Книга популярного венгерского прозаика и публициста познакомит читателя с новой повестью «Глемба» и избранными рассказами. Герой повести — народный умелец, мастер на все руки Глемба, обладающий не только творческим даром, но и высокими моральными качествами, которые проявляются в его отношении к труду, к людям. Основные темы в творчестве писателя — формирование личности в социалистическом обществе, борьба с предрассудками, пережитками, потребительским отношением к жизни.

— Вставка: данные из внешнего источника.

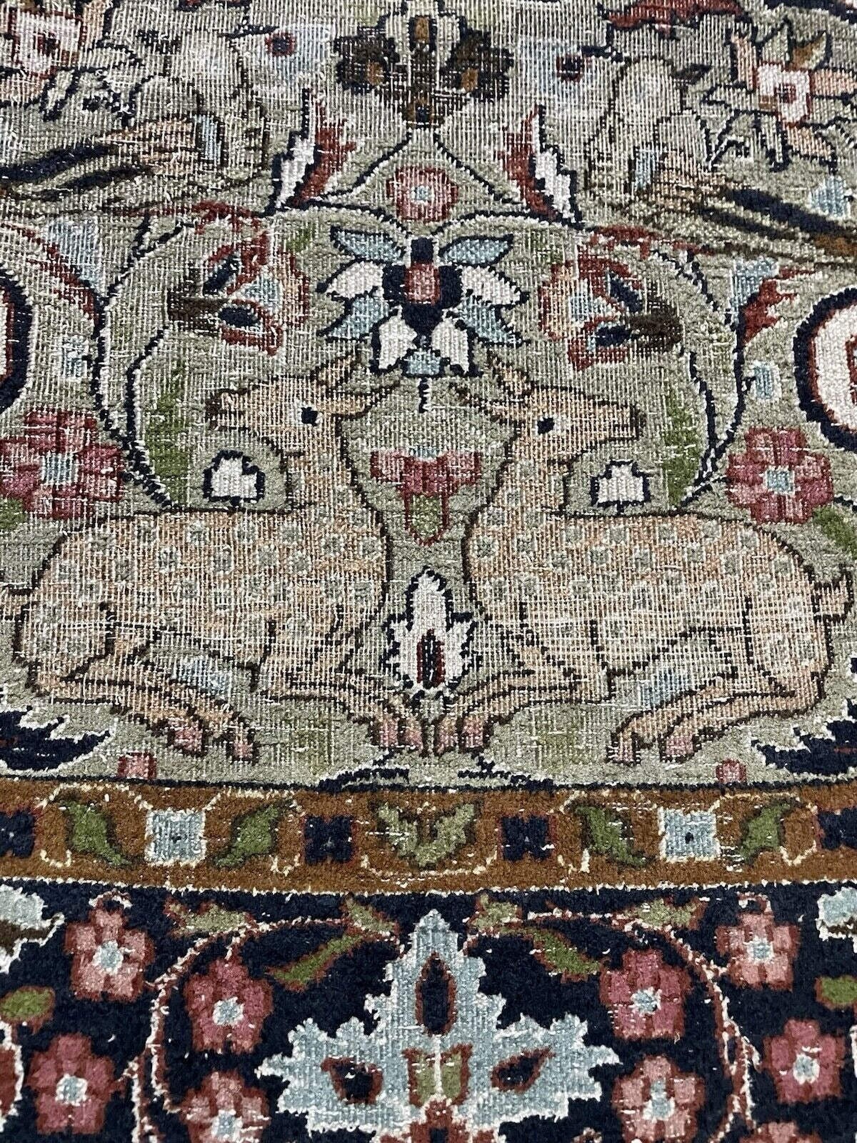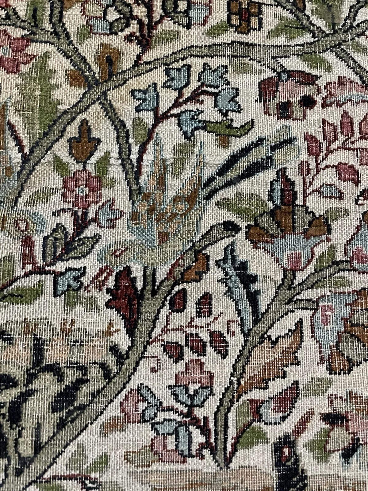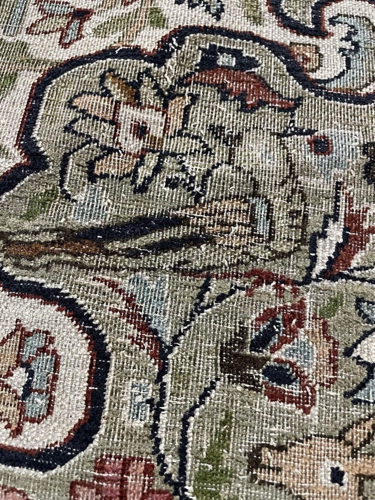 This exquisite handmade antique Indian Agra rug from the 1920s is a narrative masterpiece woven in wool. It features the revered "Tree of Life" design, a symbol of immortality and connection. Furthermore, its beautifully distressed condition and soft, muted palette speak volumes of its century of history. Consequently, this piece offers not just decorative appeal but a tangible link to a rich artistic tradition. A Story Woven in Wool The rug's central "Tree of Life" motif gracefully branches across a gentle, open field. This iconic symbol is richly detailed and surrounded by a charming array of stylized animals. You will discover birds, deer, and other creatures nestled within the design. Moreover, each element tells a story of nature and spirituality. The overall composition is both captivating and serene, inviting prolonged contemplation. A Patina of Age and Beauty The passage of time has bestowed upon this rug a soft, distressed aesthetic. The original colors have mellowed into a harmonious blend of muted tones, including delicate ivories, soft beiges, and faded terracotta. This natural patina enhances the rug's authentic character and vintage charm. The wool has developed a lustrous sheen that only age can provide. This makes each viewing a unique visual experience. Versatile Elegance for Your Home This Agra rug carries a soulful presence that complements a variety of interior styles. It serves as a stunning focal point in a living room or study. Alternatively, it can add warmth and history beside a bed or in an entryway. Its manageable size and timeless story make it exceptionally versatile. Ultimately, this is a rare opportunity to own a piece of woven history that will infuse any space with depth and narrative. Product Details Age: Circa 1920s Origin: Agra, India Material: 100% Wool Condition: Distressed (showing signs of age and wear) Dimensions: In Feet: 2' 11" x 4' 11" In Centimeters: 89 cm x 150 cm In Inches: 35" x 59"
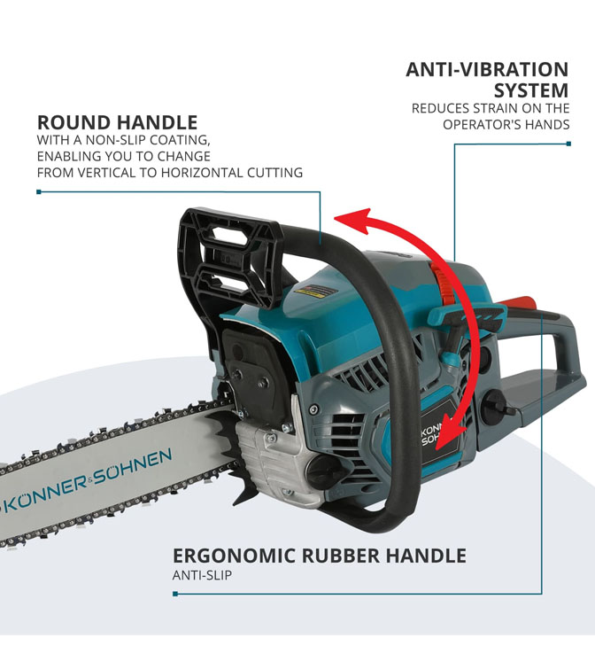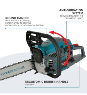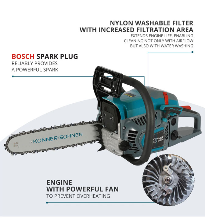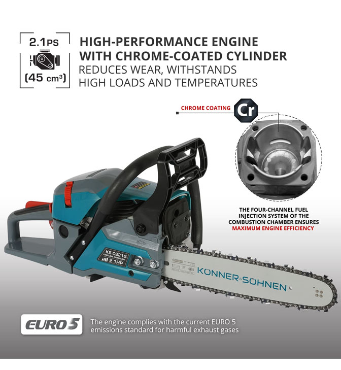 Könner & Söhnen® bensiinimootoriga kettsaag KS CS21G-13 on kompaktne ja töökindel tööriist, mis sobib suurepäraselt koduseks puude lõikamiseks, okste eemaldamiseks, aedade rajamiseks ja üldiseks haljastustööks.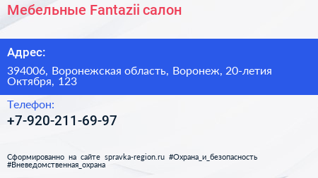 Мебельные Fantazii, салон по адресу 394006, Воронежская область, Воронеж, 20-летия Октября, 123 в дальнейшем Организация, размещена в следующих категориях: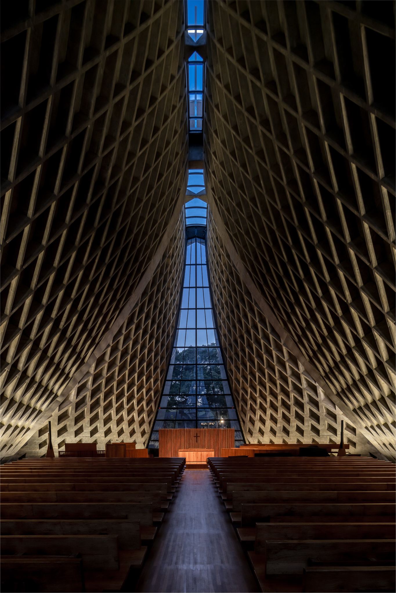 此次修復計畫,回溯建築師原初構想,於尊重空間精神前提下,引入現代化燈具與整合性光環境設計。透過精準運用人工光,營造如天光般的柔和與優雅,細膩襯托曲面稜線;夜幕降臨,暖調微光勾勒結構輪廓,使路思義教堂在白晝與星空下皆綻放雋永光彩,重現其神聖與詩意。

В книгу входят роман «Сын Америки», повести «Черный» и «Человек, которой жил под землей», рассказы «Утренняя звезда» и «Добрый черный великан».
Латиноамериканская проза – ярчайший камень в ожерелье художественной литературы XX века. Имена Маркеса, Кортасара, Борхеса и других авторов возвышаются над материком прозы. Рядом с ними высится могучий пик – Жоржи Амаду. Имя этого бразильского писателя – своего рода символ литературы Латинской Америки. Магическая, завораживающая проза Амаду давно и хорошо знакома в нашей стране. Но роман «Тереза Батиста, Сладкий Мёд и Отвага» впервые печатается в полном объеме.
«Подполье свободы» – первый роман так и не оконченой трилогии под общим заглавием «Каменная стена», в которой автор намеревался дать картину борьбы бразильского народа за мир и свободу за время начиная с государственного переворота 1937 года и до наших дней. Роман охватывает период с ноября 1937 года по ноябрь 1940 года.
В книге рассказывается история главного героя, который сталкивается с различными проблемами и препятствиями на протяжении всего своего путешествия. По пути он встречает множество второстепенных персонажей, которые играют важные роли в истории. Благодаря опыту главного героя книга исследует такие темы, как любовь, потеря, надежда и стойкость. По мере того, как главный герой преодолевает свои трудности, он усваивает ценные уроки жизни и растет как личность.